- [Material to process]:
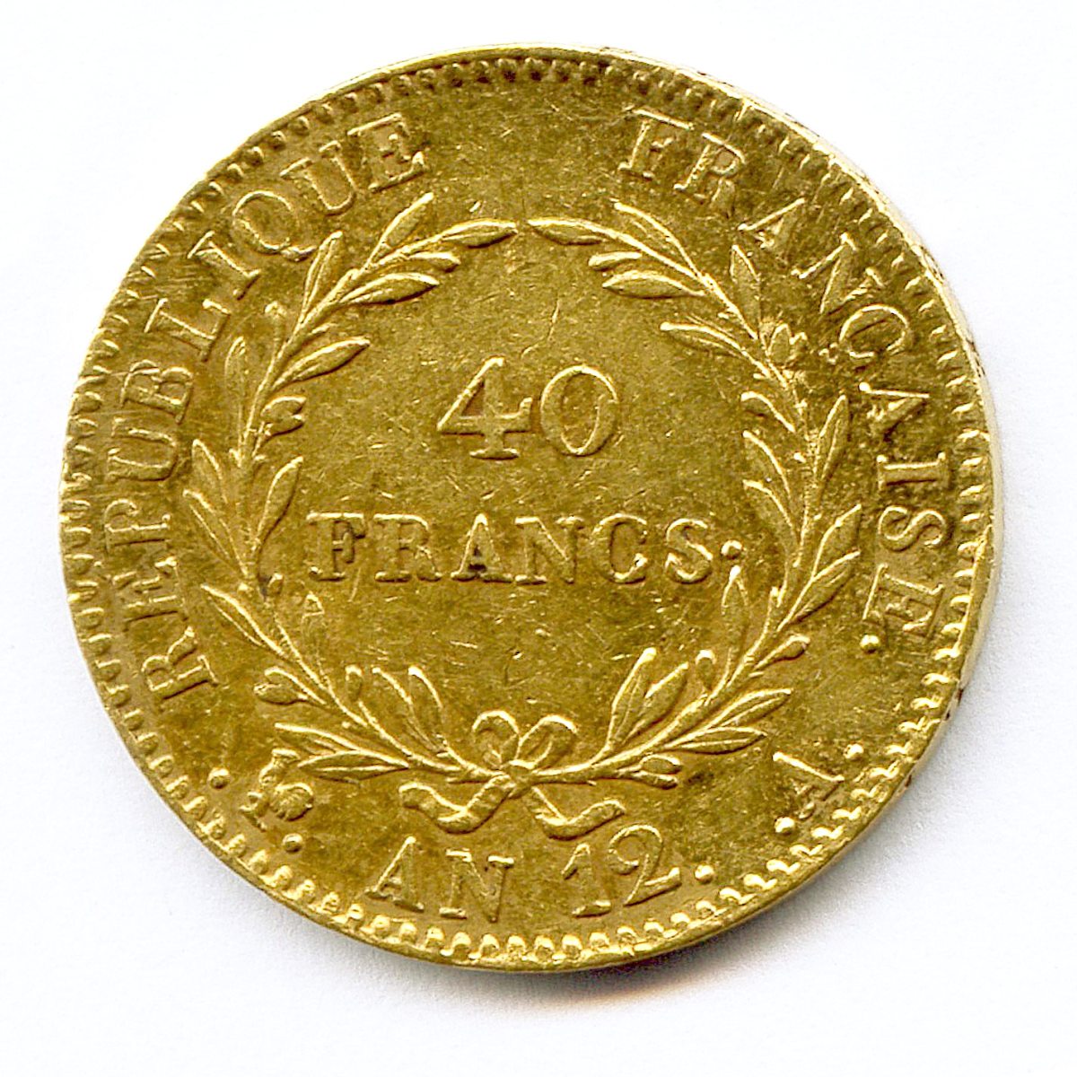 Bonaparte Premier Consul (1799-1804)40 Francs or (tête du Consul) an 12 Paris.(12,95 g) T.B.
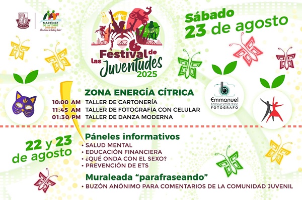 La Presidenta Municipal de Martínez de la Torre, Alfa Citlalli Álvarez Vázquez presentó ante los medios de comunicación el Festival de las Juventudes, evento que se celebrará del 22 al 24 de agosto, y que tiene como finalidad llevar estos espectáculos a los jóvenes con actividades culturales, de la cadena del limón persa, deportivas, artísticas y educativas, que tendrán como eventos estelares las presentaciones de Caloncho, La Dinastía y Uzielito.
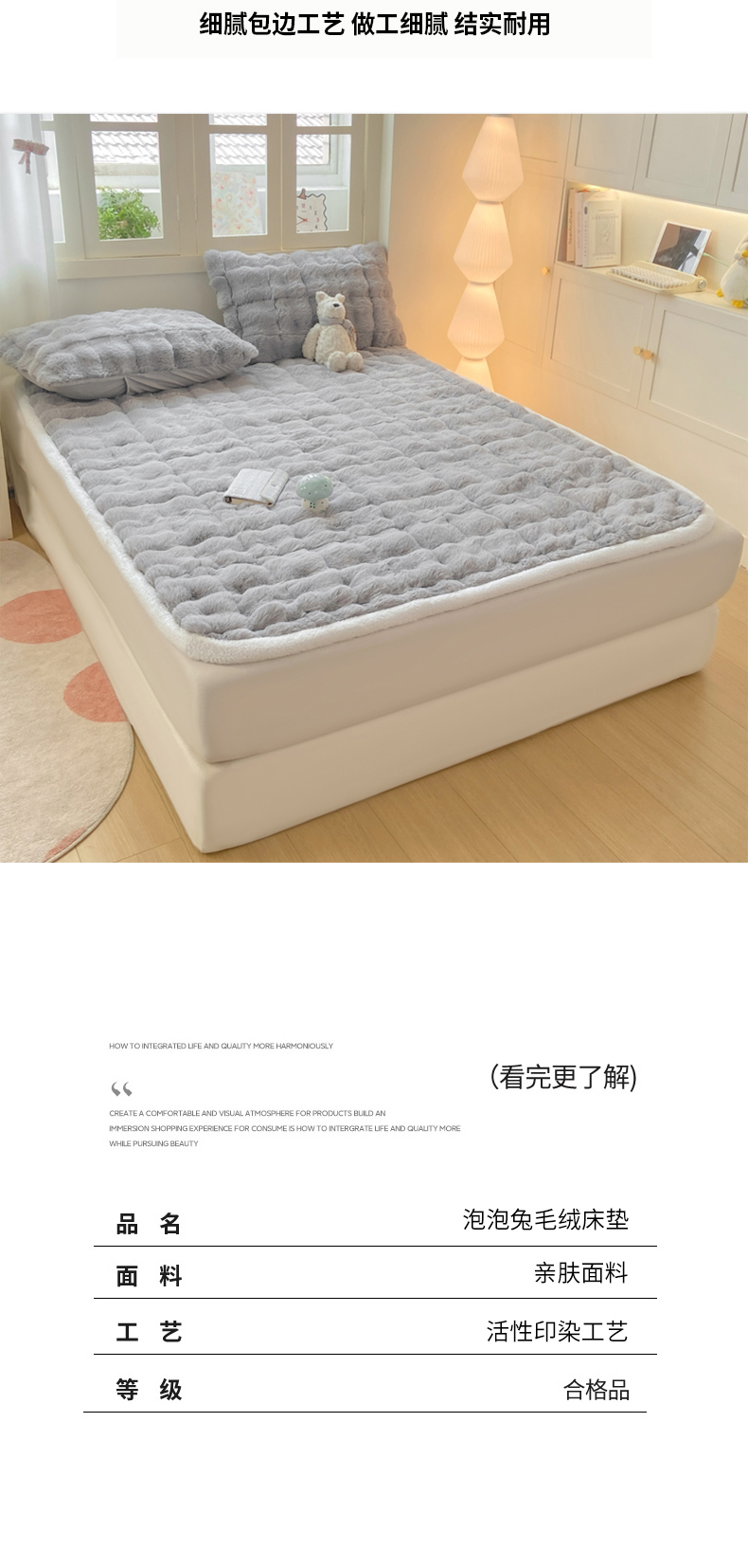 当前位置: 91家纺网 > 商品网购 > 床垫/床褥 > 普通床垫 > 麒东家纺 2025年新款兔毛绒泡泡绒夹棉床垫 浅灰
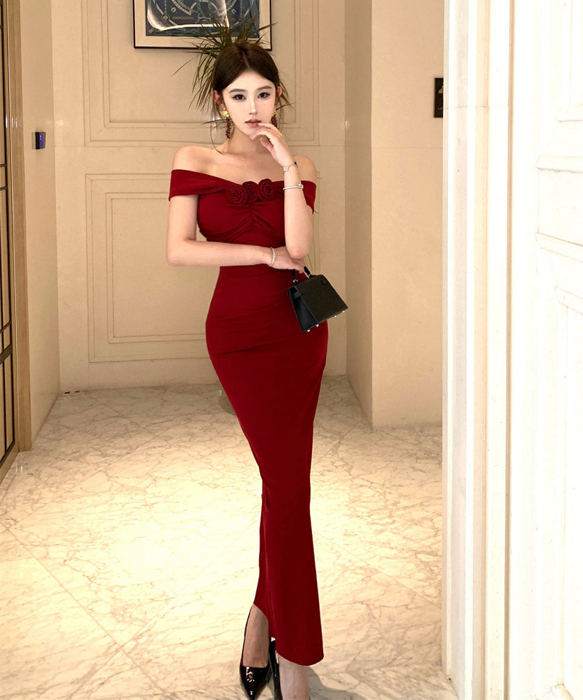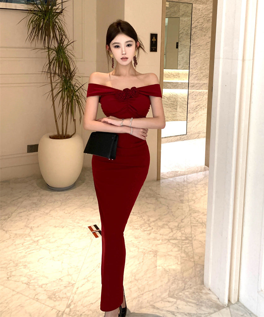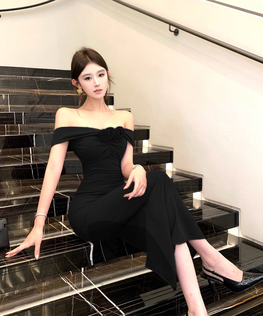 【2色】ロングドレス キャバドレス セクシー フレンチ オフショルダー 細見え エレガント フォーマルドレス JC2-WDS5560
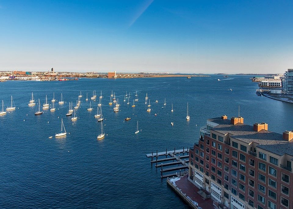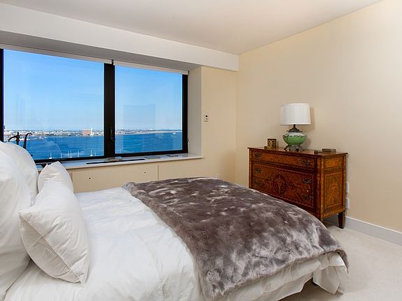 MESMERIZING and unobstructed direct views of Boston Harbor from every window in this superbly renovated residence , worthy of architectural digest , in a 24 hr concierge building. This home has been totally gutted and renovated with the highest quality rarely seen. Living room/dining 2 large picture windows overlooking the Harbor, a corner office with elegant built-ins and shelving , decorative and creative ceiling lighting. Grand designer kitchen with SieMatic cabinetry and Miele appliances, The Master bedroom with views, custom-designed closets, a beautiful master bath with unique tile work and fixtures that sets this home apart from any other. Gorgeous grass and pool area with BBQ gas grills.
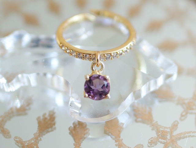 宝石質のアメジストをジルコニアのリング台に合わせました。 揺れる天然石が美しいリング。 ブラジル産宝石質アメジストAAA 石サイズ6×6mm ※海外輸入のパーツは色むらや左右非対称、サイズの個体差、ヴィンテージならではの欠けや歪み、または天然素材(貝や天然石など)ならではのキズや不純物、シラーなど個体差があります。 神経質な方、完璧なものをお求めになる方はご購入をお控えください。
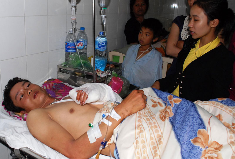 Trước đó, vào chiều ngày 7-10, anh Nguyễn Văn Tiến nhập viện trong tình trạng bày tay trái bị chặt gần đứt lìa từ ở cổ tay, chỉ còn dính lại phần da, bệnh nhân kiệt sức do mất máu nhiều.

- [Problem to work on]:
Reproduce only the lines from the beginning of the data through the line that contains "エレガント フォーマルドレス JC2-WDS5560", both included, and please drop the pictures.

- [Solved exercise]:
 Bonaparte Premier Consul (1799-1804)40 Francs or (tête du Consul) an 12 Paris.(12,95 g) T.B.
 La Presidenta Municipal de Martínez de la Torre, Alfa Citlalli Álvarez Vázquez presentó ante los medios de comunicación el Festival de las Juventudes, evento que se celebrará del 22 al 24 de agosto, y que tiene como finalidad llevar estos espectáculos a los jóvenes con actividades culturales, de la cadena del limón persa, deportivas, artísticas y educativas, que tendrán como eventos estelares las presentaciones de Caloncho, La Dinastía y Uzielito.
 当前位置: 91家纺网 > 商品网购 > 床垫/床褥 > 普通床垫 > 麒东家纺 2025年新款兔毛绒泡泡绒夹棉床垫 浅灰
 【2色】ロングドレス キャバドレス セクシー フレンチ オフショルダー 細見え エレガント フォーマルドレス JC2-WDS5560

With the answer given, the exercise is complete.